Task objective.
Every line of the data below should be retyped exactly, with no images carried over.
--- Entries provided ---
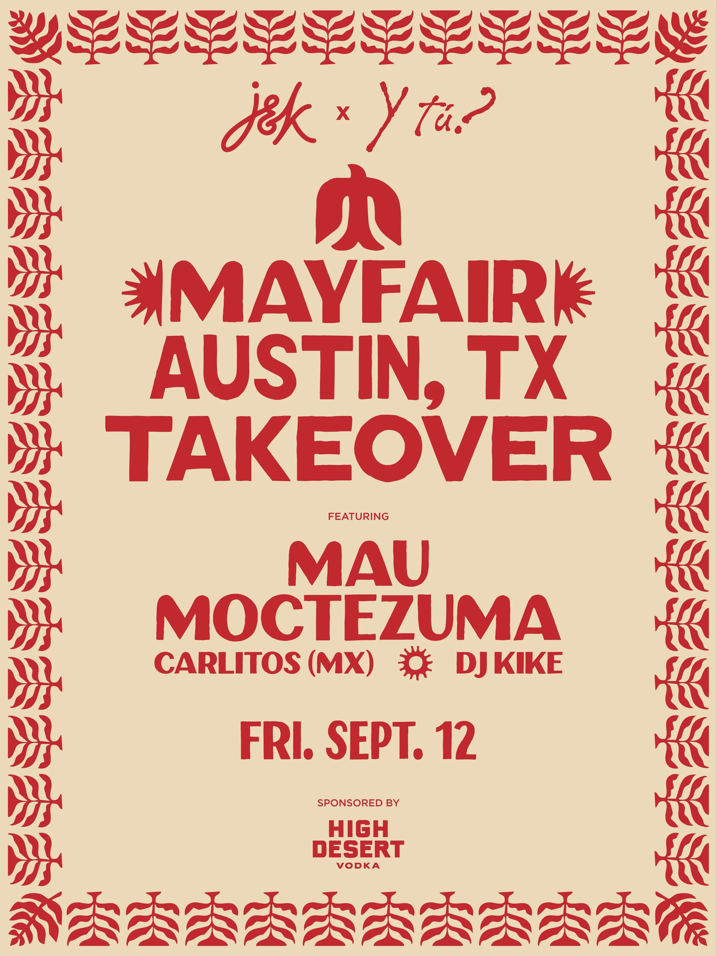 Mau Moctezuma Friday, September 12, 2025 10:00 PM 11:59 PM Mayfair Nightclub & Terrace (map) Google Calendar ICS Tickets VIP Tables
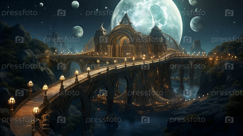 В бескрайних просторах космоса протянулся величественный мост, созданный из фантастических элементов, соединяющий неизвестные миры. Генеративный ИИ
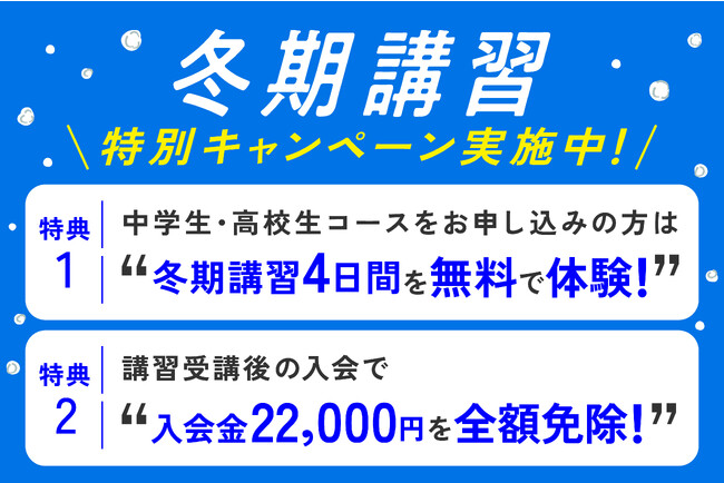冬期講習では、勉強の"つまずき"を解消。苦手をなくし基礎学力を身につけることで、3学期のテストで点数アップすることができます。この冬、中学生・高校生限定で講習授業4日間を無料で体験することができます。
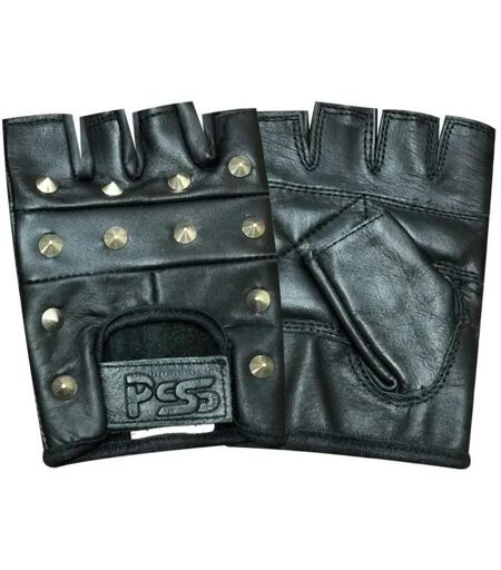 Pss Gants Cuir Noir Sans Demi Doigts Mitaines Cloutés Rivets Clous Décoratifs Conduite Cyclisme Vélo Musculation Fitness
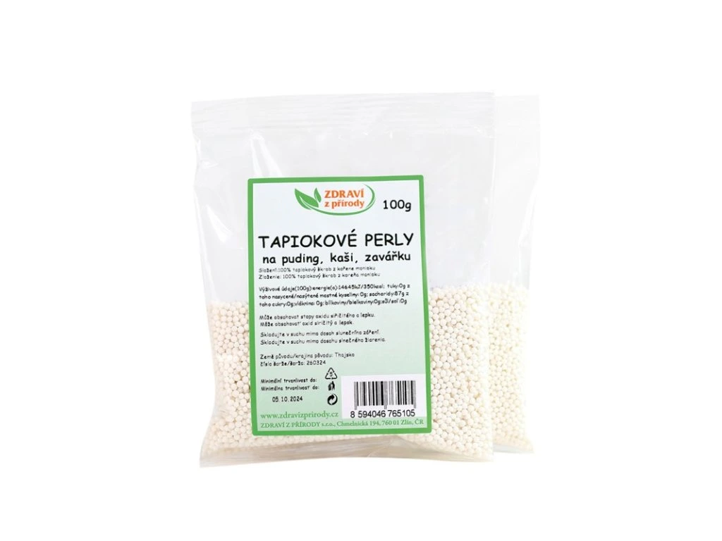Tapiokové perly se vyrábí z bílé dužiny hlíz keře manioka, který roste v Jižní Americe. Jedná se o škrob, který se využívá stejně jako v Česku škrob bramborový nebo kukuřičný. Tapioka je takřka bez alergenů, neobsahuje lepek a je lehce stravitelná. Obsahuje naopak dostatečné množství jednoduchých sacharidů a je kalorická. V menším množství obsahuje tapioka vitamíny řady B, vápník, mangan, železo, hořčík, měď a selen.
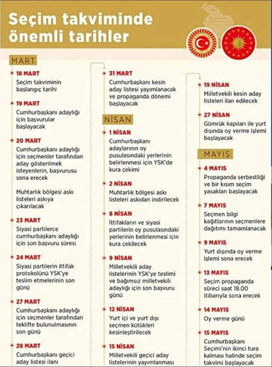 12 Nisan: Yurt içi ve yurt dışı seçmen kütükleri kesinleştirilecek. Yurt içi seçmenlerin oy vereceği yer ve sandıklar belirlenecek.
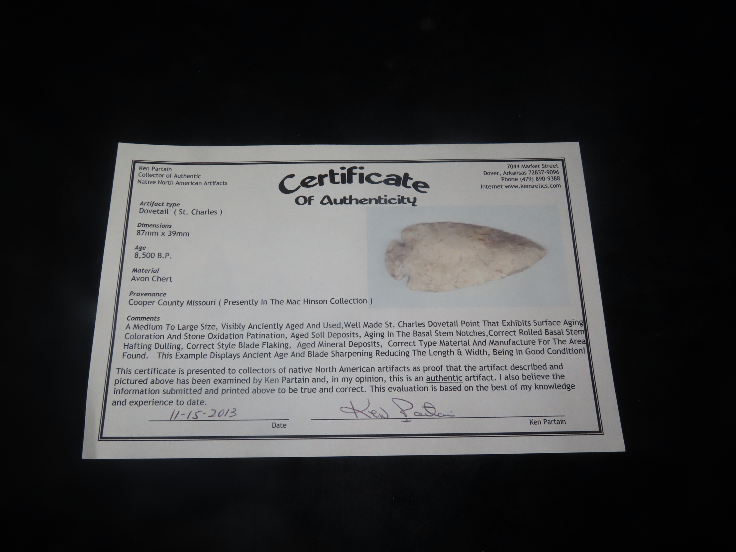 3 7/16″ X 1 1/2″ Dovetail, Partain COA, Found in Cooper County MO.
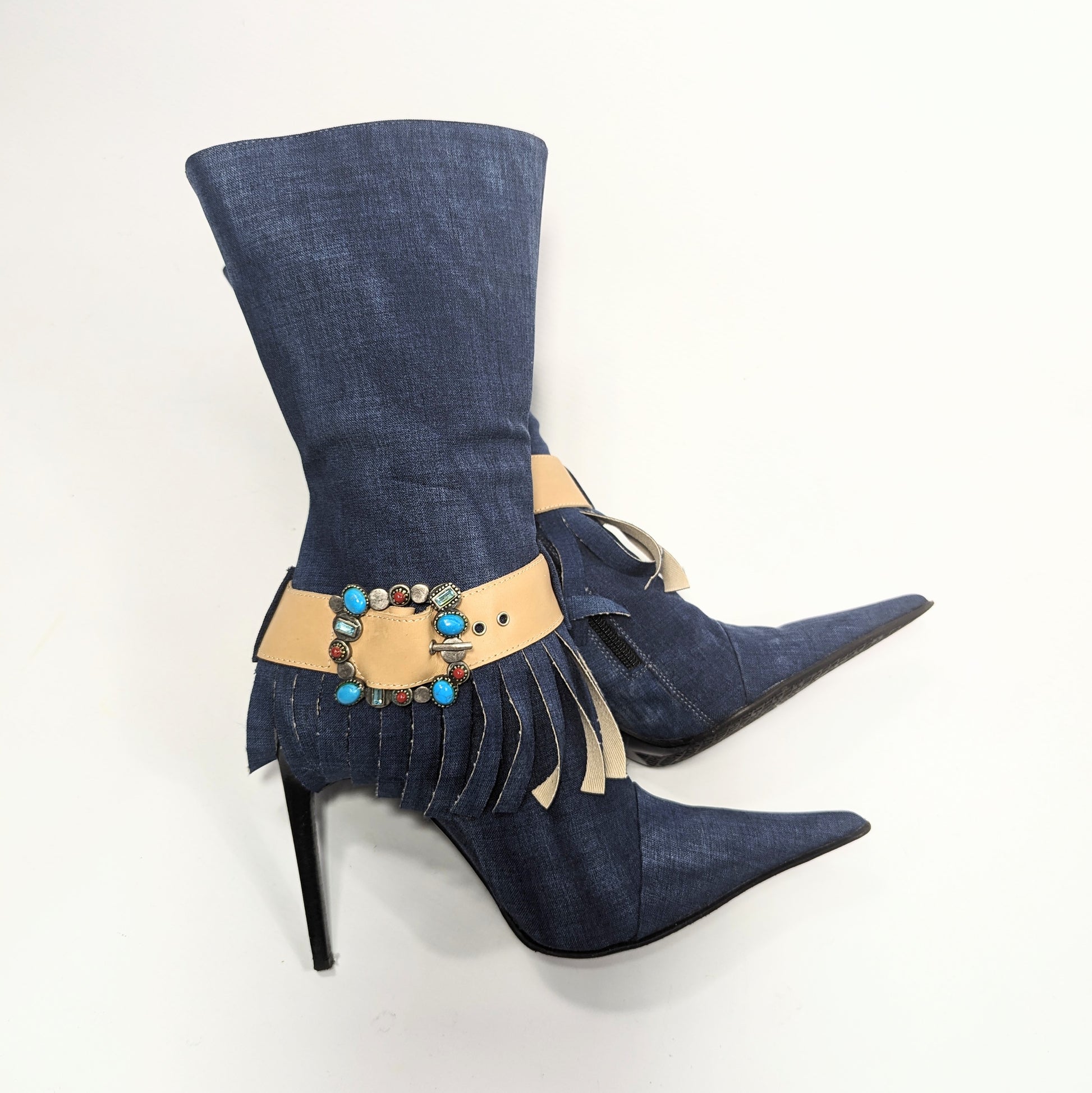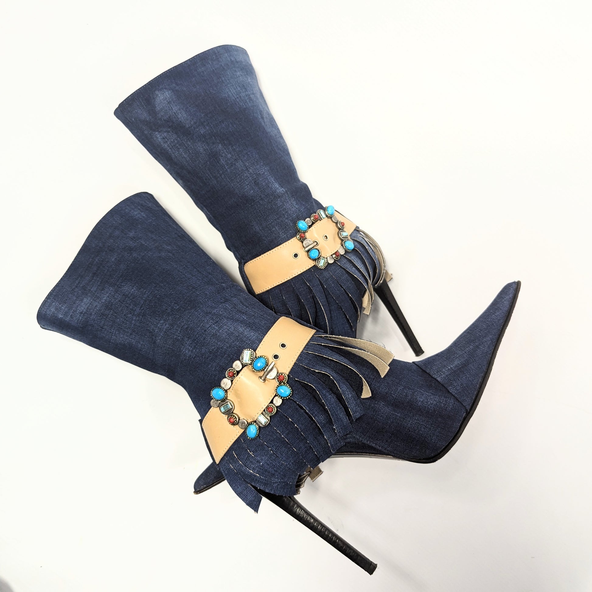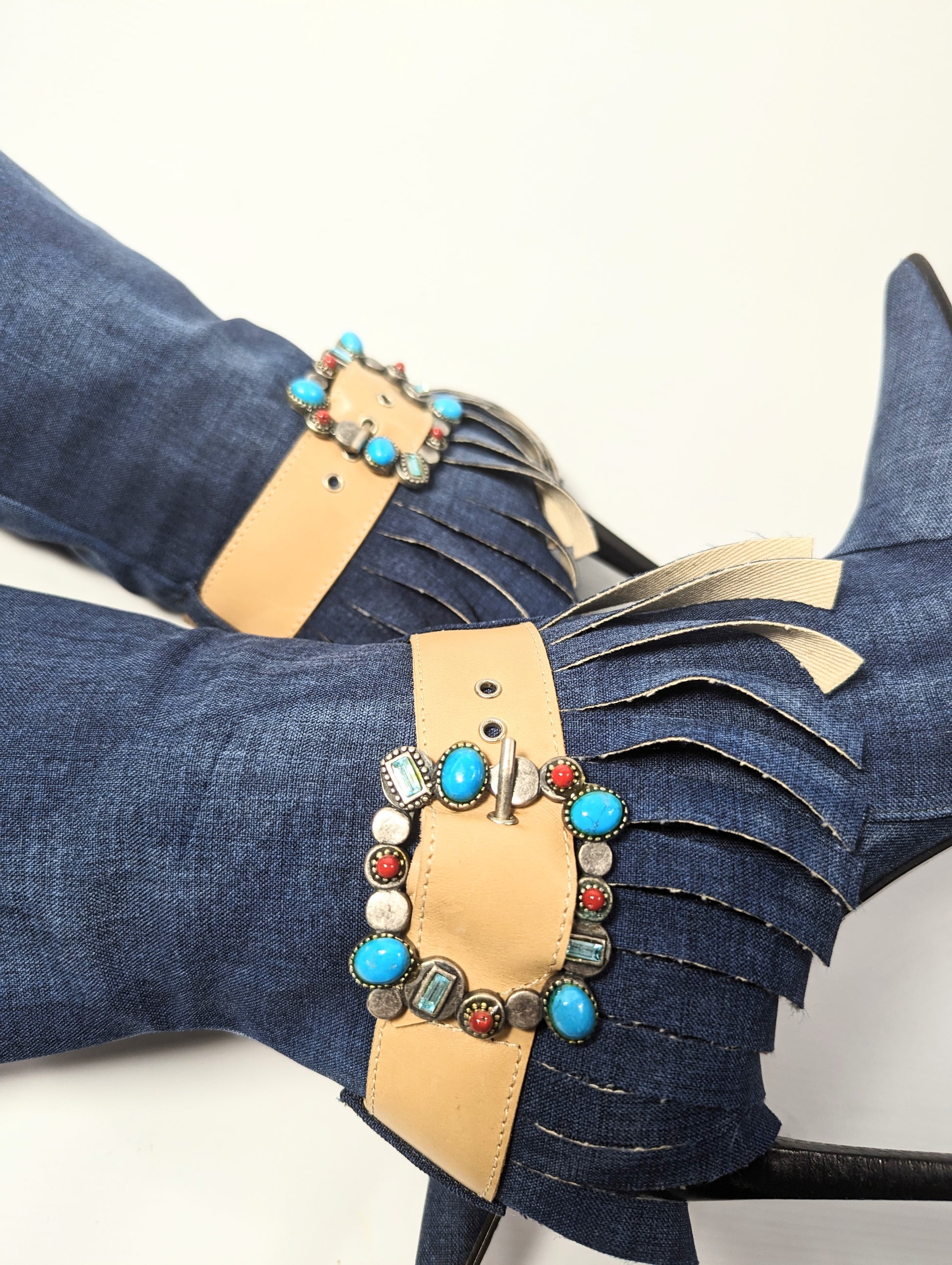 Item: Denim boots decorated with a leather strap with multicolor stone strap
---
Result.
 Mau Moctezuma Friday, September 12, 2025 10:00 PM 11:59 PM Mayfair Nightclub & Terrace (map) Google Calendar ICS Tickets VIP Tables
 В бескрайних просторах космоса протянулся величественный мост, созданный из фантастических элементов, соединяющий неизвестные миры. Генеративный ИИ
冬期講習では、勉強の"つまずき"を解消。苦手をなくし基礎学力を身につけることで、3学期のテストで点数アップすることができます。この冬、中学生・高校生限定で講習授業4日間を無料で体験することができます。
 Pss Gants Cuir Noir Sans Demi Doigts Mitaines Cloutés Rivets Clous Décoratifs Conduite Cyclisme Vélo Musculation Fitness
Tapiokové perly se vyrábí z bílé dužiny hlíz keře manioka, který roste v Jižní Americe. Jedná se o škrob, který se využívá stejně jako v Česku škrob bramborový nebo kukuřičný. Tapioka je takřka bez alergenů, neobsahuje lepek a je lehce stravitelná. Obsahuje naopak dostatečné množství jednoduchých sacharidů a je kalorická. V menším množství obsahuje tapioka vitamíny řady B, vápník, mangan, železo, hořčík, měď a selen.
 12 Nisan: Yurt içi ve yurt dışı seçmen kütükleri kesinleştirilecek. Yurt içi seçmenlerin oy vereceği yer ve sandıklar belirlenecek.
 3 7/16″ X 1 1/2″ Dovetail, Partain COA, Found in Cooper County MO.
 Item: Denim boots decorated with a leather strap with multicolor stone strap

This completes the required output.